14 września przypada 78. rocznica urodzin bł. ks. Jerzego Popiełuszki. Z tej okazji w kościele p.w. Świętego Stanisława Kostki w Warszawie, w którym kapłan posługiwał w ostatnich latach życia, odbędzie się kameralny koncert. W jego trakcie aktor Adam Woronowicz przeczyta wybrane listy, kartki pocztowe oraz fragmenty dzienników i wywiadów księdza Jerzego Popiełuszki.
Błogosławiony i męczennik znany z pomnikowych homilii wygłaszanych podczas Mszy za Ojczyznę był również autorem korespondencji prywatnej czy dzienników.
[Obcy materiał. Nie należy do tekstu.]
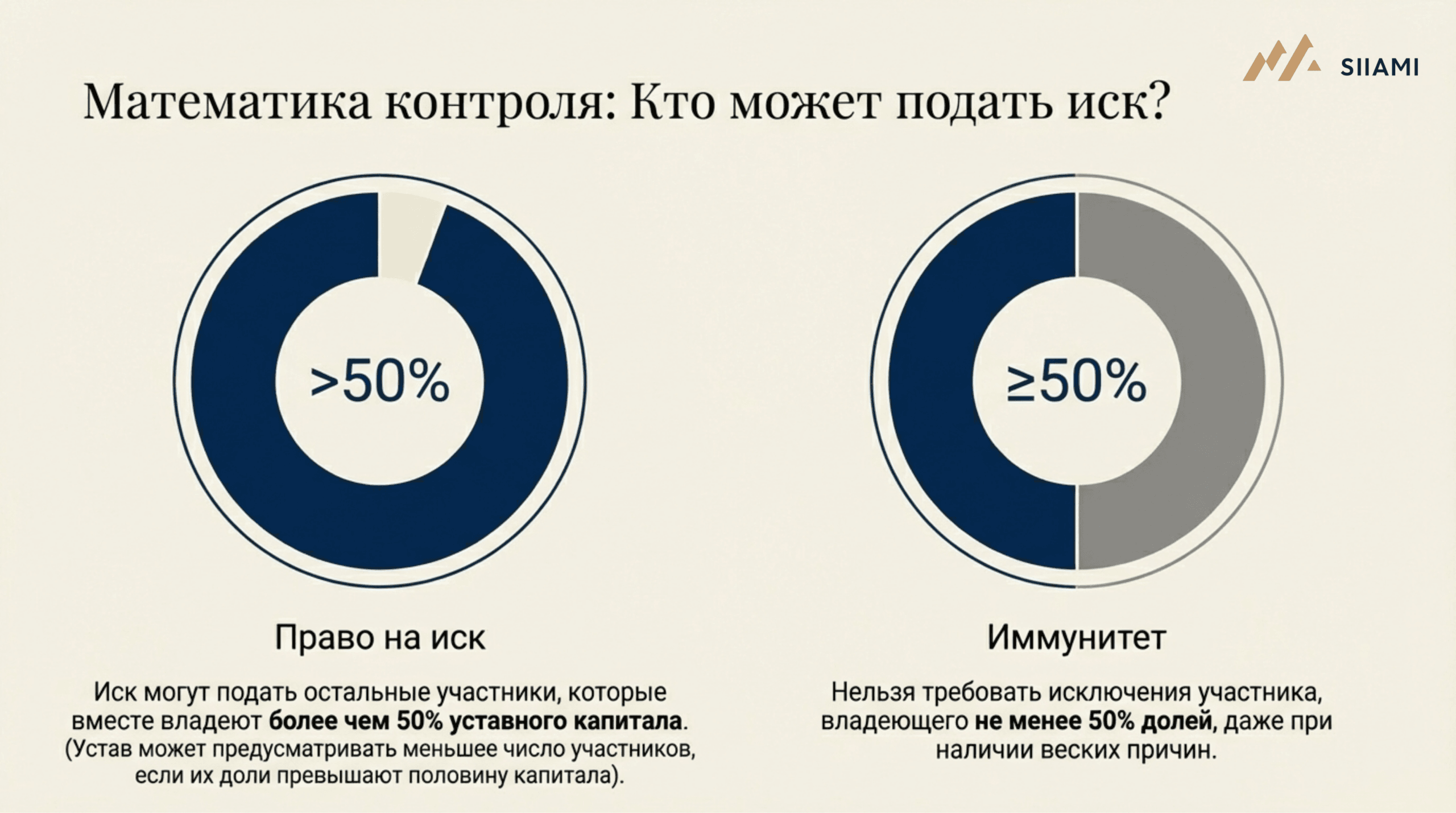 Нельзя требовать исключения участника, владеющего не менее 50% долей в уставном капитале, даже если существуют веские причины для его исключения.

W tego typu wypowiedziach często emanował humorem, nieskrępowanym entuzjazmem i wielką miłością do życia. Dokumenty te wskazują również na napięcia i osobiste dramaty, które przeżywał. Wiele z tych wzruszających wypowiedzi było mało znanych lub pozostawało do tej pory w ukryciu. Urodziny księdza Popiełuszki, patrona żoliborskiego sanktuarium, są dobrym czasem dla przypomnienia jego postaci w odsłonie prywatnej i kameralnej, którą zapewni kunszt aktora Adama Woronowicza. Aktor w 2009 r. wcielił się w główną rolę kapelana Solidarności w filmie: Popiełuszko. „Wolność jest w nas.” „Będziemy mogli poznać księdza Jerzego Popiełuszkę takim jakim był, jako człowiek, ksiądz, mężczyzna, jako katolik i chrześcijanin. To jest ważne ponieważ świętość nie jest oderwana od rzeczywistości, nie jest tylko w kościele ale jest codziennością” – powiedział proboszcz parafii św. Stanisława Kostki ks. Karol Oparcik.
Na fortepianie będzie improwizował Marek Stefankiewicz, pianista, kompozytor, aranżer, dyrygent, autor muzyki filmowej.
Niedziela 14 września, godzina 19:00, Parafia Świętego Stanisława Kostki, ulica Hozjusza 2.
Dziennik z podróży po Stanach Zjednoczonych. 17 czerwca 1980 r. Słońce niemiłosierne w zenicie. Mieszkam nad samą wodą, dokładnie 6 małych kroków. Małe molo z łodzią, można łowić ryby. Tak cudownego zakątka nie widziałem. Pelikany podchodzą bliziutko do ludzi. I te urocze palmy, szczególnie wieczorem podświetlone na zielono. Rano pojechałem zbierać muszelki, ale plaża cała zalana wodą i tylko małych trochę uzbierałem. Na śniadanie, jak głupi, zrobiliśmy ze szwagrem tatara, wiadomo, jak to mężczyźni. Teraz jest mecz Toronto – Los Angeles w piłce nożnej. Floryda. Czy jeszcze tu kiedyś wrócę?
Fragment dziennika ks. Jerzego Popiełuszki. 26 czerwca 1984: „Jestem chwilę sam, przy nogach Tajniaczek. Dzisiaj byłem 2,5 g. w pałacu na przesłuchaniu. W czerwcu podczas Mszy za Ojczyznę mówiłem o sprawiedliwości… Ludzi jak zawsze. Widziałem łzy płynące z ich oczu. Potem tłum długo skandował „Szczęść Boże”. Poprosiłem, aby podali swoje refleksje na temat Mszy św. Dzisiaj otrzymałem około 100 listów.”